Elsevier

Applied Energy

Volume 286, 15 March 2021, 116550
Applied Energy

An economic assessment of behind-the-meter photovoltaics paired with batteries on the Hawaiian Islands

https://doi.org/10.1016/j.apenergy.2021.116550Get rights and content

Highlights

  • Innovative methods are proposed for evaluating photovoltaics paired with batteries.

  • Key techno-economic characteristics of photovoltaics and batteries are captured.

  • Photovoltaics compensation and demand response are considered simultaneously.

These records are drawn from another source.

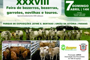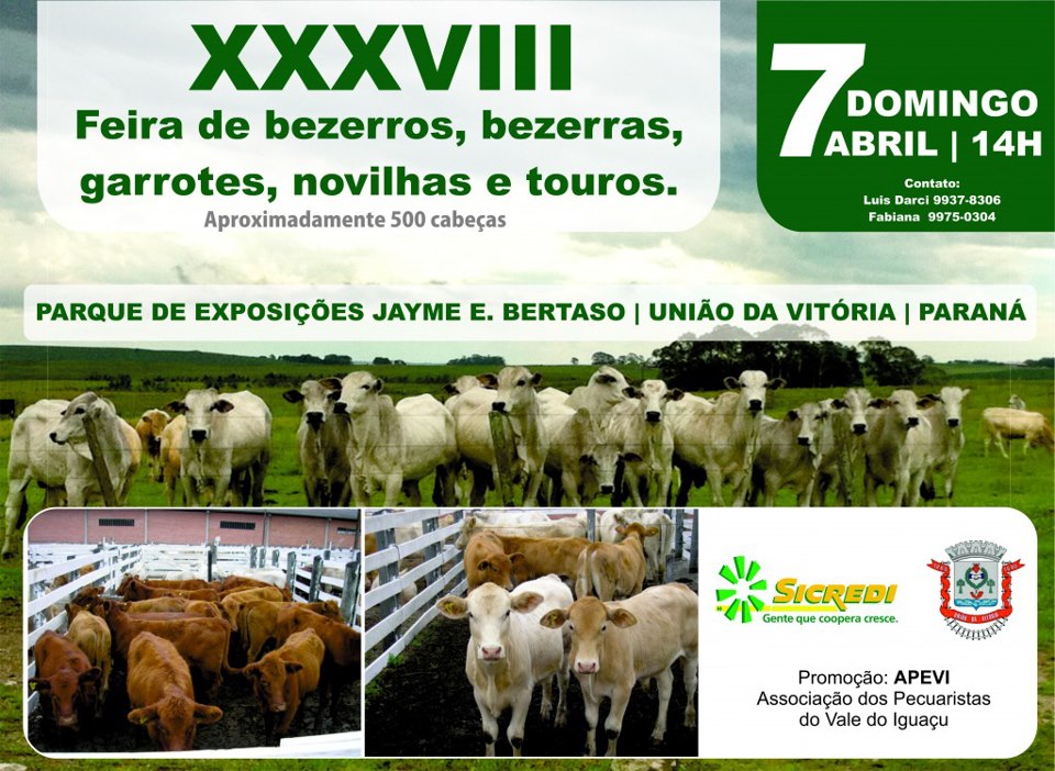 A Associação dos Pecuaristas do Vale do Iguaçu (Apevi), promove a XXXVIII Feira de bezerros, bezerras, garrotes, novilhas e touros, que será realizada neste domingo, 07, a partir das 14h, no Parque de Exposições Jaime Ernesto Bertaso, em União da Vitória. O evento tem o apoio da Prefeitura, por meio da Secretaria Municipal de Agricultura, Pecuária e Abastecimento.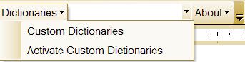 Custom DictionariesTwo things that are very useful to editors are custom dictionaries and an exclude dictionary. But creating a custom dictionary and adding words to it can be difficult. The Dictionaries macro makes it easy. The EditTools toolbar now includes two Dictionaries dropdowns as shown in the image below (arrows).
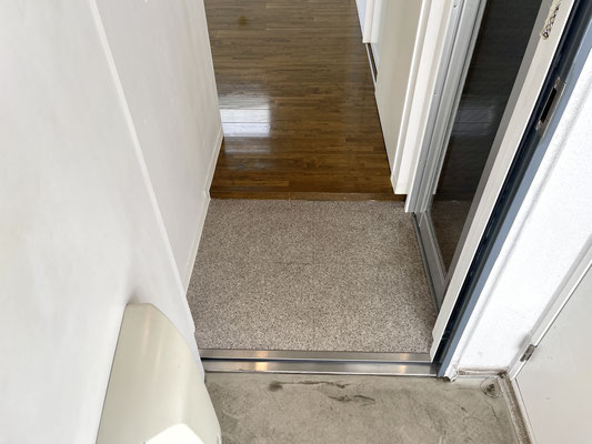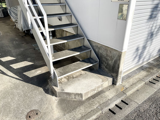 玄関は建物横にある階段を使って2階に登った所にあります。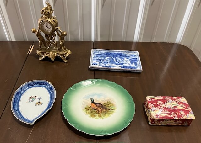 40 gold mantel clock, display only, Pheasant Plate, asst decorative china pcs.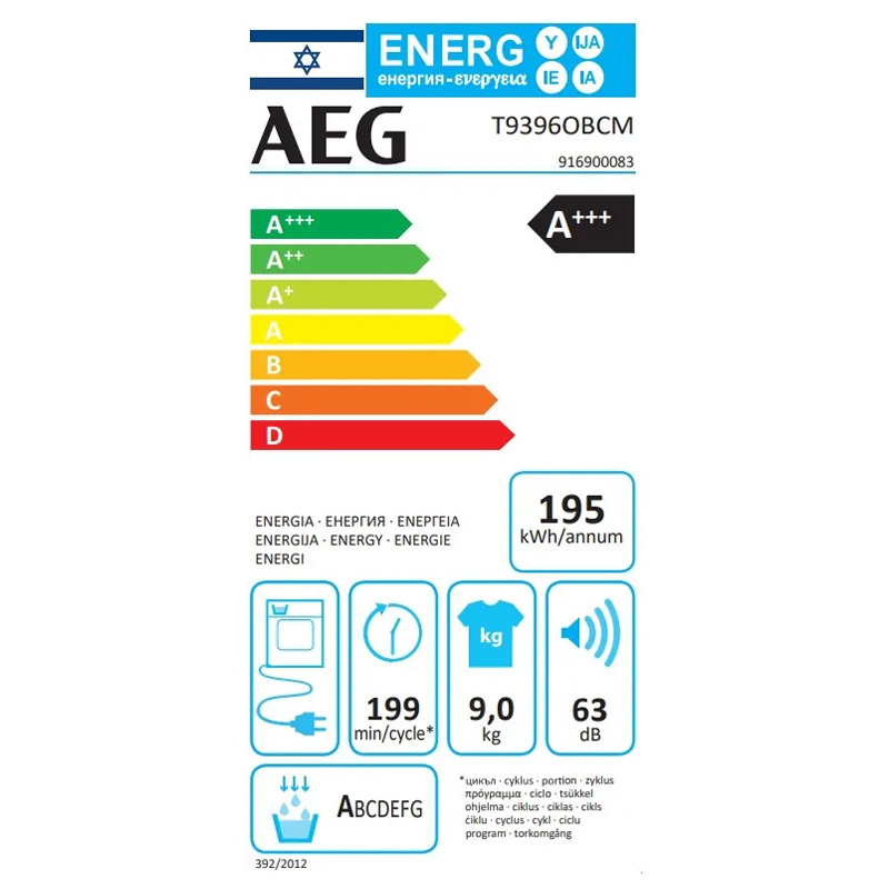 מייבש כביסה פתח חזית AEG אאג T9396OBCM

  • Techniques are proposed to linearize the optimal dispatch and sizing problems.

  • Comprehensive assessment is performed by customer type across the Hawaiian Islands.

Abstract

Due to natural variability and uncertainty, the ever-increasing penetration of solar generation in Hawaii presents challenges to power grid operators to maintain reliable system operation. Demand response (DR) has the potential to be a cost-effective tool for Hawaii to reach its aggressive renewable energy goals while maintaining the reliability of power grids. The Hawaii Public Utilities Commission has approved the Hawaiian Electric Company’s revised portfolio of DR programs. The companies have released a grid services purchase agreement and subscribed an initial tranche of load into their DR programs. This paper presents innovative analytical methods and comprehensive economic assessment for distributed photovoltaics (PV) paired with battery energy storage systems (BESSs) for two new DR programs, including fast frequency response and capacity grid service. Optimal dispatch and sizing methods are proposed for the paired system considering different tariff schedules and PV compensation programs across five islands. It was found that while the best resource configuration and potential economic benefits vary with tariff structure, a BESS paired with PV can be optimally dispatched to generate multiple value streams simultaneously. Compensation from DR programs is an important value stream to help increase the cost-effectiveness of the integrated system.

Introduction

Because of the high electricity costs and rich solar resources, solar energy, especially distributed photovoltaics (PV), has developed rapidly in Hawaii during the past decade. Thanks to the net energy metering program that pays rooftop solar owners retail rates for power sent back to the grid, Hawaii became the first state in the United States to reach grid parity for PV. Today, distributed solar panels on individual homes and businesses account for a large portion of Hawaii’s renewable generation. In 2018, distributed PV in Hawaii produced 998 GWh, accounting for 39.6% of all renewable energy produced in the state [1]. Due to natural variability and uncertainty, the growing penetration of solar generation presents challenges to reliably operating the Hawaiian grids, which are each separated and relatively small. Since the existing systems can only accommodate a limited amount of renewable generation, the state has to deal with the unique situation by developing new strategies for balancing generation and load, and eventually achieve its aggressive clean energy goals—with 40% renewable energy by 2030 and 100% by 2045 [2].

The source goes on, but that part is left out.